The native integration uses Ollama's actual API (/api/chat), which has real tool support. Your local models can now run the same skills Claude Code uses (file ops, shell commands, browser automation) without cloud dependencies.

I've debugged enough "works in dev, breaks in prod" issues to spot a protocol mismatch. OpenAI compat mode optimizes for "works with existing code." Native APIs optimize for "works correctly." Different goals.

Step by step

1. Onboard with Ollama

bash

openclaw onboard --auth-choice ollama

OpenClaw will:

Auto-discover local models via Ollama's /api/tags endpoint
Ask you to choose Cloud + Local or Local-only mode
Open a browser for OAuth if you pick cloud mode
Pull your selected model if it's not cached
Write config to ~/.openclaw/openclaw.json

Here's what that looks like:

typescript

✓ Discovered 3 local models:
  - llama3.3:70b (context: 128K)
  - qwen2.5:27b (context: 32K)
  - glm-4.7-flash:latest (context: 8K)

Choose mode:
  1. Cloud + Local (recommended)
  2. Local-only (no external API calls)

Selection: 1

Recommended cloud model: kimi-k2.5:cloud (fast, good for agentic tasks)
Recommended local model: glm-4.7-flash (7B params, fits 16GB RAM)

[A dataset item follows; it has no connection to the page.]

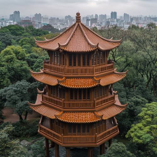 photorealistic aerial perspective image of taiwanese pagoda, wood post and beam structure and wood lattice facade, overcast taiwanese day Sony Alpha 7R V, 35mm lens, f/16, soft natural light, ISO 250, 1/60 sec, --v 6.1

Pulling glm-4.7-flash... ████████████████ 100%
✓ OpenClaw configured with Ollama provider

2. Verify tool calling works

Create a test file:

bash

echo "Test content for AI agent" > /tmp/test-file.txt

Launch OpenClaw and ask it to read the file:

bash

openclaw launch

typescript

You: Read /tmp/test-file.txt and tell me what's in it.

If tool calling works (native API):

typescript

Agent: [reads file using read tool]
The file contains: "Test content for AI agent"

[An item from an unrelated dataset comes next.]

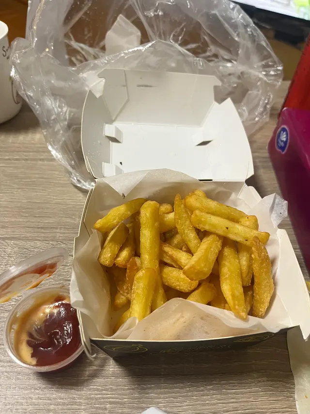 雖然係細薯條,但都好大包,份量一啲都唔少,但可能因為拎返屋企要啲時間,所以有啲淋左,吾脆,薯條係粗薯條,但冇調味,鹽都冇粒,味道一般,好彩有附上茄汁溝千島醬。

If tool calling is broken (/v1 mode):

typescript

Agent: I cannot read files directly, but you can use the `cat` command...

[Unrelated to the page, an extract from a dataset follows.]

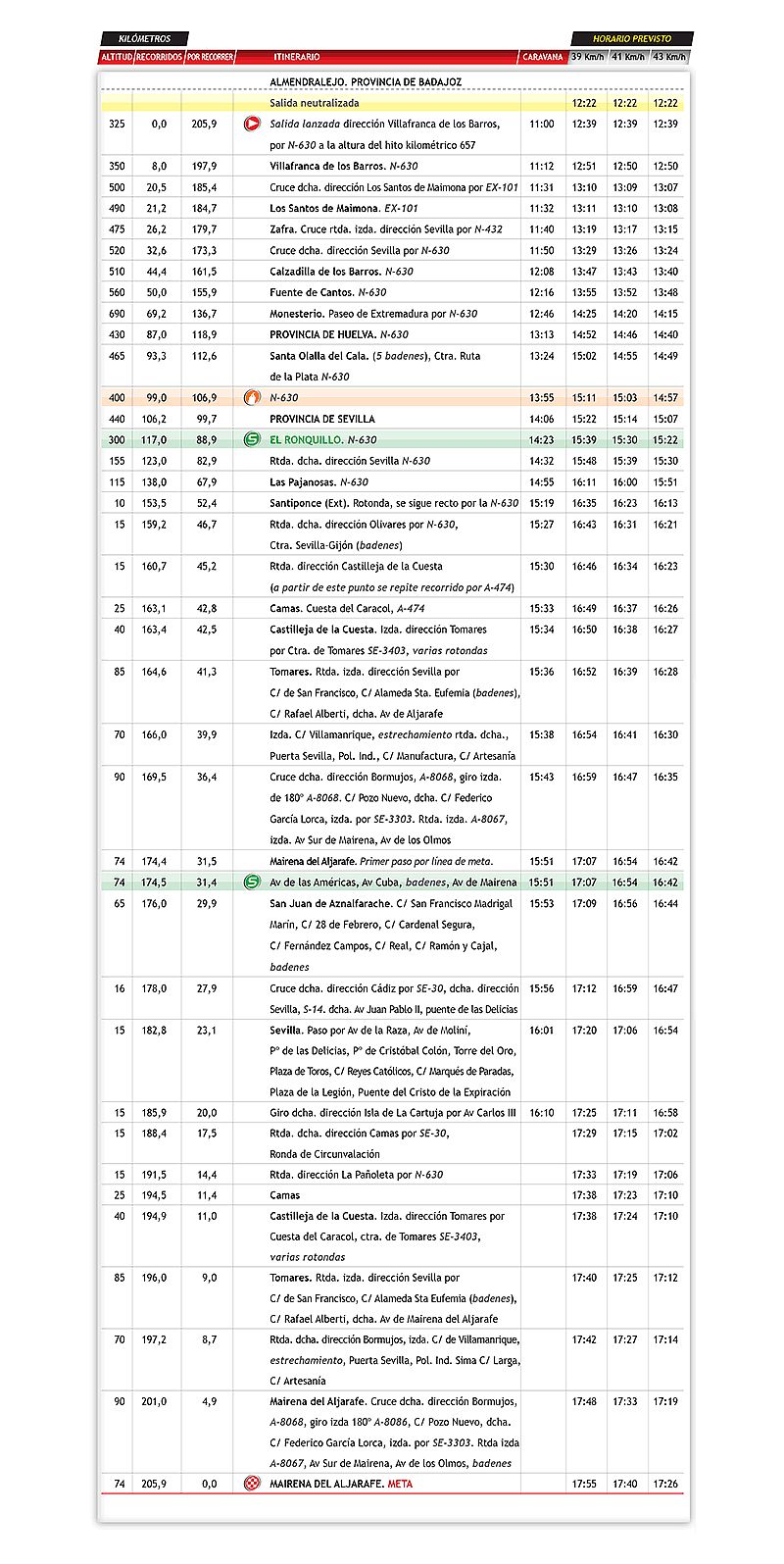 Actual race dates – my ride dates were 7 days earlier

That's how you know. Native Ollama API returns tool_calls as a structured field. The /v1 compat mode buries it as text inside the completion.

3. Spawn a multi-agent workflow

This is the real unlock. Multi-agent orchestration on local models.

bash

openclaw launch --model qwen2.5:27b

typescript

You: Spawn a research agent to find the top 3 GitHub repos trending this
week in backend development. Then spawn a summarizer to write a
one-paragraph summary of each.

OpenClaw spawns a research subagent (uses web search or GitHub API tools), waits for it to finish, spawns a summarizer with the research results as context, and returns aggregated output.

Before 0.18, local models were isolated. You could run ollama run llama3.3 for a single conversation, but multi-agent orchestration required custom Python scripts or framework-specific glue code. Now Ollama models are native OpenClaw providers. Subagent spawns work. Context passing works. Tool calling works.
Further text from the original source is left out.